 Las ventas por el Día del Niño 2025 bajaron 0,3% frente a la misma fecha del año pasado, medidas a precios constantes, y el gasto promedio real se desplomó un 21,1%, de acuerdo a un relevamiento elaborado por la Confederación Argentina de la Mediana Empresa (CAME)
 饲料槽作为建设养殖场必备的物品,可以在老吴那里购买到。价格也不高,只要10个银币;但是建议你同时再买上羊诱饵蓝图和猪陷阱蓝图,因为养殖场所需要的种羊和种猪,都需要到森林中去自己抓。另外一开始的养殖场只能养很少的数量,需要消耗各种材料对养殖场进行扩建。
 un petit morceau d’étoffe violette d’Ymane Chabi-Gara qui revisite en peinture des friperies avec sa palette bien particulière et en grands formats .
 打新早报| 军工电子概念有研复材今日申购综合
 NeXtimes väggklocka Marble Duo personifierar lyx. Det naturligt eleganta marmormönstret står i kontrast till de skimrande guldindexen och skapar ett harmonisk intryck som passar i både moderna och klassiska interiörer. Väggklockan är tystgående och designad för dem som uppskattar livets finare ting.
+--
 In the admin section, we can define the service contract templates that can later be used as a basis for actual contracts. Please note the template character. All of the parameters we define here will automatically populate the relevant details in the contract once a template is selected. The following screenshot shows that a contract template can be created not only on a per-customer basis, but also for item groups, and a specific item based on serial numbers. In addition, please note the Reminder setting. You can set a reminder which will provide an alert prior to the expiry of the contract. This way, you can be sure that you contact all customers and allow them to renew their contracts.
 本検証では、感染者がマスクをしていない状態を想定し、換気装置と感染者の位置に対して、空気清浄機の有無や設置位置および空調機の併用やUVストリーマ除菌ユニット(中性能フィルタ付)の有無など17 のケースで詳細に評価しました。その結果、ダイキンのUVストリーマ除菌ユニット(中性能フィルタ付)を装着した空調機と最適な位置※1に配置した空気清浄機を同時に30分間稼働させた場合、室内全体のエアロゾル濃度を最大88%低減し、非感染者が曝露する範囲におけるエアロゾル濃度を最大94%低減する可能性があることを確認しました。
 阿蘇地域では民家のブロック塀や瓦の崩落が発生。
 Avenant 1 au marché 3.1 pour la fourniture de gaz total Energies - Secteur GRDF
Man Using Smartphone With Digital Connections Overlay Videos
+--
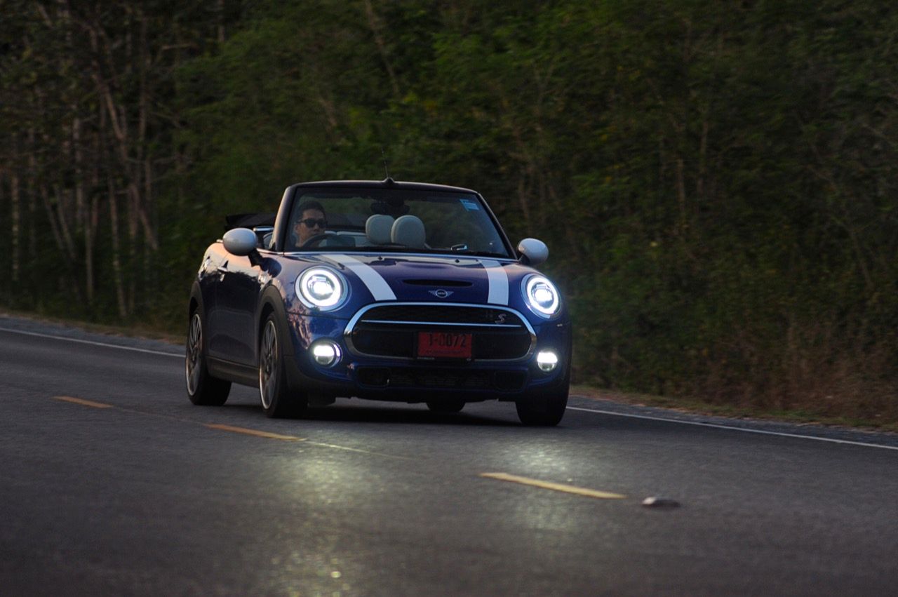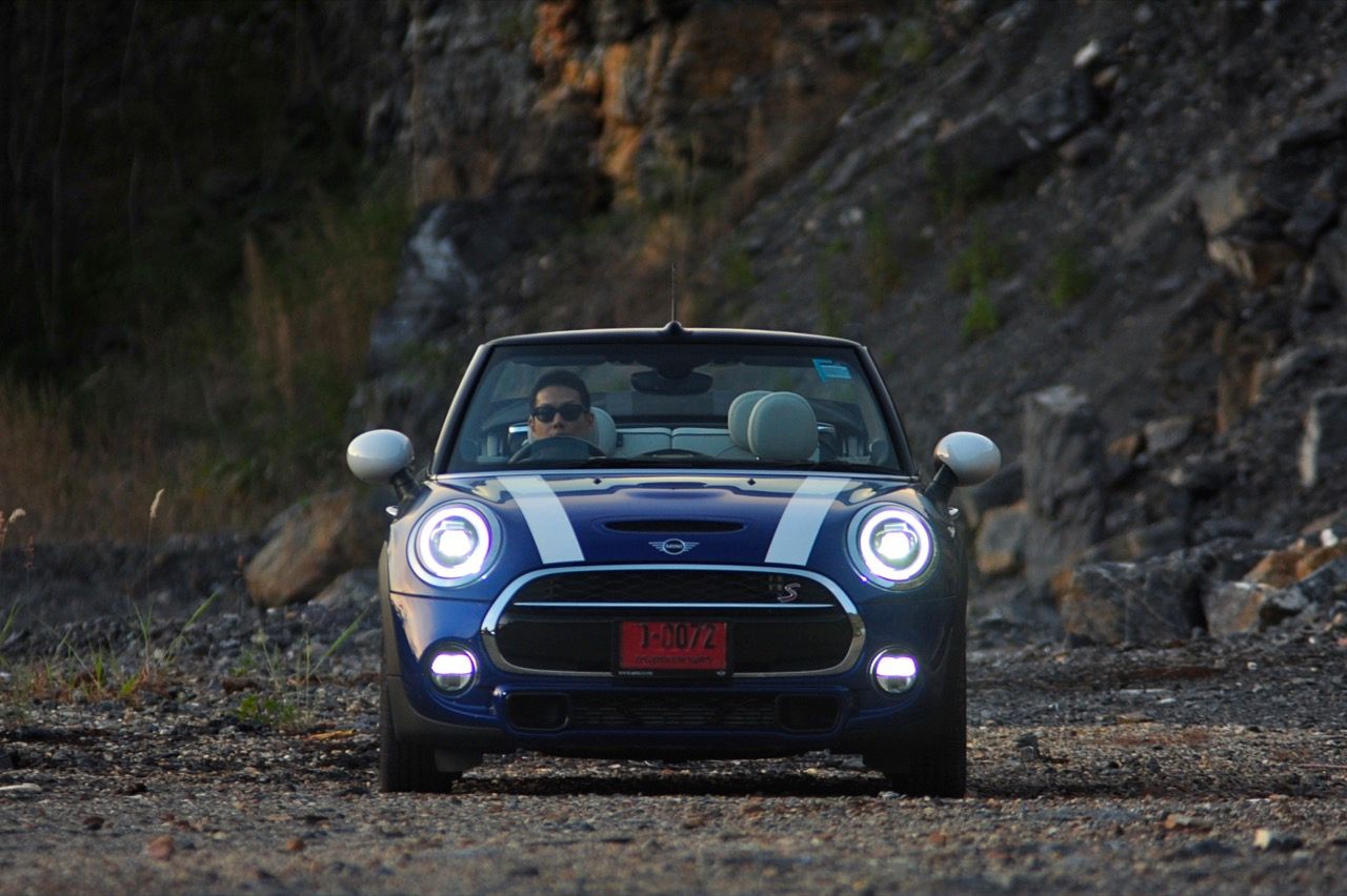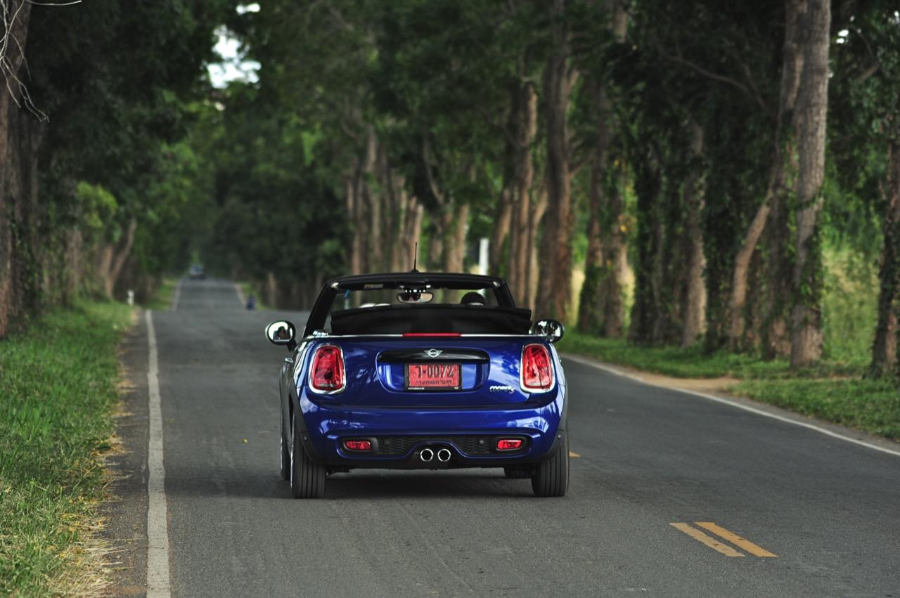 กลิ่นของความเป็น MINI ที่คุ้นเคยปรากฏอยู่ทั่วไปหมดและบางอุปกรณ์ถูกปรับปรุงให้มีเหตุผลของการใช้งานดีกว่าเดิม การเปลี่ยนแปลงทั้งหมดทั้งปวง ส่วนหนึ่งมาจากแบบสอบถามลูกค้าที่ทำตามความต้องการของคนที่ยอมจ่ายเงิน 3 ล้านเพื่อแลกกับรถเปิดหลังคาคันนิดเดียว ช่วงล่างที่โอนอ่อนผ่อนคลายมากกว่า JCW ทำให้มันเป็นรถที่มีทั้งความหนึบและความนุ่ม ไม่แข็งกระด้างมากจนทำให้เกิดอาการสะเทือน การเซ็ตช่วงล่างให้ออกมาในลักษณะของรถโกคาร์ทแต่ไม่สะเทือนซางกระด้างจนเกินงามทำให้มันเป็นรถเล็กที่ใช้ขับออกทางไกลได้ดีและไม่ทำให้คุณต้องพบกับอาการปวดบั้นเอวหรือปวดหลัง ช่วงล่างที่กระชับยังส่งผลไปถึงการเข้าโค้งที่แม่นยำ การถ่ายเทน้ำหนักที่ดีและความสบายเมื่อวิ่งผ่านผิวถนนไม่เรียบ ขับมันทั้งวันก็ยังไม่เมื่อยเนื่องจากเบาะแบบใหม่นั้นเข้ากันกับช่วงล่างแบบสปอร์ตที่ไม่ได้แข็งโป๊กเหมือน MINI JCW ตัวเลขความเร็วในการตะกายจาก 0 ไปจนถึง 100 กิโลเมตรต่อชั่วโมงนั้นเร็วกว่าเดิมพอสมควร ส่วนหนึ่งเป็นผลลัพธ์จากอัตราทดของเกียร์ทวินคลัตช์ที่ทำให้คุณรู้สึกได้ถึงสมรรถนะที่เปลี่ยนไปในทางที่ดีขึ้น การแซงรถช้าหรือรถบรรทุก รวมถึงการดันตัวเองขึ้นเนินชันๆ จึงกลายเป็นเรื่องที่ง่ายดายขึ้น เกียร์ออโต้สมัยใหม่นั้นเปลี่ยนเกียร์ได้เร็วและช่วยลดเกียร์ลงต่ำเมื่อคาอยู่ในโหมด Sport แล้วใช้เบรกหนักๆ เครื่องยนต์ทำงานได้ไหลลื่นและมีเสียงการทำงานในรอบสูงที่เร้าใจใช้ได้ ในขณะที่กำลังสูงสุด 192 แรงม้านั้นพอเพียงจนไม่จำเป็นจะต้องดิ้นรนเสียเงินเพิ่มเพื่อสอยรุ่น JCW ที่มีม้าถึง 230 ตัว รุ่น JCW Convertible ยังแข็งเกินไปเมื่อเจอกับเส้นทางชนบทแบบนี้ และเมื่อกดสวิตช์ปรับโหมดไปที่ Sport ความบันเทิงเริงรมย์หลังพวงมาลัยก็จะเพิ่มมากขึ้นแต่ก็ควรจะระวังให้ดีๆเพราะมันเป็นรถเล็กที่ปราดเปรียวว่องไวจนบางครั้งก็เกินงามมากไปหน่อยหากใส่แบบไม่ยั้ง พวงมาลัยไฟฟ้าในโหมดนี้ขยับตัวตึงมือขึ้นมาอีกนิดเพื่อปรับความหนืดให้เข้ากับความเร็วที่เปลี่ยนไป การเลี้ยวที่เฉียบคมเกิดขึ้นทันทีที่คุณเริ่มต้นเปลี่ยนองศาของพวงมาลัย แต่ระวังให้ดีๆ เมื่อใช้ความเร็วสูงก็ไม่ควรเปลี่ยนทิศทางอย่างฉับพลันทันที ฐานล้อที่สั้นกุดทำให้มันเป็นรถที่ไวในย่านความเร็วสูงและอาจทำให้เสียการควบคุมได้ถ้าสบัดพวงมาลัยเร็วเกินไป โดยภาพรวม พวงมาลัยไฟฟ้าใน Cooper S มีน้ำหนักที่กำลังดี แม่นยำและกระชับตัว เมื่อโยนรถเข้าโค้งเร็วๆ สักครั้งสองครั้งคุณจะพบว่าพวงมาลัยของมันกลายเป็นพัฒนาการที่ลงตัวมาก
+--
What is needed: Within the material above, output exactly the lines from the one with "Las ventas por" through the one with "打新早报| 军工电子概念有研复材今日申购综合", end lines included, and nothing besides.

Task answer:
 Las ventas por el Día del Niño 2025 bajaron 0,3% frente a la misma fecha del año pasado, medidas a precios constantes, y el gasto promedio real se desplomó un 21,1%, de acuerdo a un relevamiento elaborado por la Confederación Argentina de la Mediana Empresa (CAME)
 饲料槽作为建设养殖场必备的物品,可以在老吴那里购买到。价格也不高,只要10个银币;但是建议你同时再买上羊诱饵蓝图和猪陷阱蓝图,因为养殖场所需要的种羊和种猪,都需要到森林中去自己抓。另外一开始的养殖场只能养很少的数量,需要消耗各种材料对养殖场进行扩建。
 un petit morceau d’étoffe violette d’Ymane Chabi-Gara qui revisite en peinture des friperies avec sa palette bien particulière et en grands formats .
 打新早报| 军工电子概念有研复材今日申购综合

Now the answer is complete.